In the listing beneath this line, copy exactly the lines starting with the one containing "1boy, male focus, solo, closed" and going on through the one containing "此戶型南北通透,在戶型改造上".

■ ■ ■ ■ ■ ■ ■

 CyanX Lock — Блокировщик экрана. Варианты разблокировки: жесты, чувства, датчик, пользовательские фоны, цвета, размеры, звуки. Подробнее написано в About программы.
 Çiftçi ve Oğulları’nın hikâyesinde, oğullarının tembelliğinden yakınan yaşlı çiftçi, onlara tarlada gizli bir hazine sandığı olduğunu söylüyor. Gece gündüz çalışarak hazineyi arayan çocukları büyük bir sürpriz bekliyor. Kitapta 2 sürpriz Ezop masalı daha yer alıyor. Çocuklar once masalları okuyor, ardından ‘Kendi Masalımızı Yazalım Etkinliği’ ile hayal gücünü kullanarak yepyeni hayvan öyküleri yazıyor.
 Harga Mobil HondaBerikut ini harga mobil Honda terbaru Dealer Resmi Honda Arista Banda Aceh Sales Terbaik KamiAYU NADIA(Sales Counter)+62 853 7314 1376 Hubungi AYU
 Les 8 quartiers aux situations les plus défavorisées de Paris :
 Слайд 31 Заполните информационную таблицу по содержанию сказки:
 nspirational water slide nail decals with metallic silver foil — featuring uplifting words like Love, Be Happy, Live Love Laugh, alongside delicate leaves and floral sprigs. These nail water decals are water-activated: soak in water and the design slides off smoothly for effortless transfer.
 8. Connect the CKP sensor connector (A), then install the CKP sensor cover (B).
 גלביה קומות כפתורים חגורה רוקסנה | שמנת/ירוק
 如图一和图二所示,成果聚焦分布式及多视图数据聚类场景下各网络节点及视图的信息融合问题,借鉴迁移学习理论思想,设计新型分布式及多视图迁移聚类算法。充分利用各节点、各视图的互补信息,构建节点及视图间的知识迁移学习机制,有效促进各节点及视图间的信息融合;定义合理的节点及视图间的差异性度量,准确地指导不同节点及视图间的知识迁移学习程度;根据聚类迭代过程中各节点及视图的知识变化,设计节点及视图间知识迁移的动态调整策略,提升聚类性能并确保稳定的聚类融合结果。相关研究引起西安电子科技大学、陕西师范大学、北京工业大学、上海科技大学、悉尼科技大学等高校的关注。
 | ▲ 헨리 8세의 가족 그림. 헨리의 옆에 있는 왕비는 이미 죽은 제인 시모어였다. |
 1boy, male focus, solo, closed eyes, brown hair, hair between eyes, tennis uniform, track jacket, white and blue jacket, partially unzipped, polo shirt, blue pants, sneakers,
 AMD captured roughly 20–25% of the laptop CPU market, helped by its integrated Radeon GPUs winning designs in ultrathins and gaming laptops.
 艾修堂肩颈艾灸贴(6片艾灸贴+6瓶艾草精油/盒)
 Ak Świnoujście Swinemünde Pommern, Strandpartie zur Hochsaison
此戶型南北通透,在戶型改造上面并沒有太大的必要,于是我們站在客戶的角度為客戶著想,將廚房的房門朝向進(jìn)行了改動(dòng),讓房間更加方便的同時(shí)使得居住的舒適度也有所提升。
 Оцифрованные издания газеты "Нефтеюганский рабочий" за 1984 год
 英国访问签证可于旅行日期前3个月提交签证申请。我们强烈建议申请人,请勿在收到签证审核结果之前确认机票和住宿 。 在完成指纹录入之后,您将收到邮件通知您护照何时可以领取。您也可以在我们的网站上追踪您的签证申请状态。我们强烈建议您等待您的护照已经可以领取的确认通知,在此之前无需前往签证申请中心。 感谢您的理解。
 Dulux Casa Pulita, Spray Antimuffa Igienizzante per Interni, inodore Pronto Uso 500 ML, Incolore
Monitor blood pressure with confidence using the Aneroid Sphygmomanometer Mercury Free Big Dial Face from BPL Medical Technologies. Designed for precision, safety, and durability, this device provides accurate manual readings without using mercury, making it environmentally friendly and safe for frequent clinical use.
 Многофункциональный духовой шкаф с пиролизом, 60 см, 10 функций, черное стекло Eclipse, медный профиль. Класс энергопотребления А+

■ ■ ■ ■ ■ ■ ■

> **RESULT OF THE TASK**
 1boy, male focus, solo, closed eyes, brown hair, hair between eyes, tennis uniform, track jacket, white and blue jacket, partially unzipped, polo shirt, blue pants, sneakers,
 AMD captured roughly 20–25% of the laptop CPU market, helped by its integrated Radeon GPUs winning designs in ultrathins and gaming laptops.
 艾修堂肩颈艾灸贴(6片艾灸贴+6瓶艾草精油/盒)
 Ak Świnoujście Swinemünde Pommern, Strandpartie zur Hochsaison
此戶型南北通透,在戶型改造上面并沒有太大的必要,于是我們站在客戶的角度為客戶著想,將廚房的房門朝向進(jìn)行了改動(dòng),讓房間更加方便的同時(shí)使得居住的舒適度也有所提升。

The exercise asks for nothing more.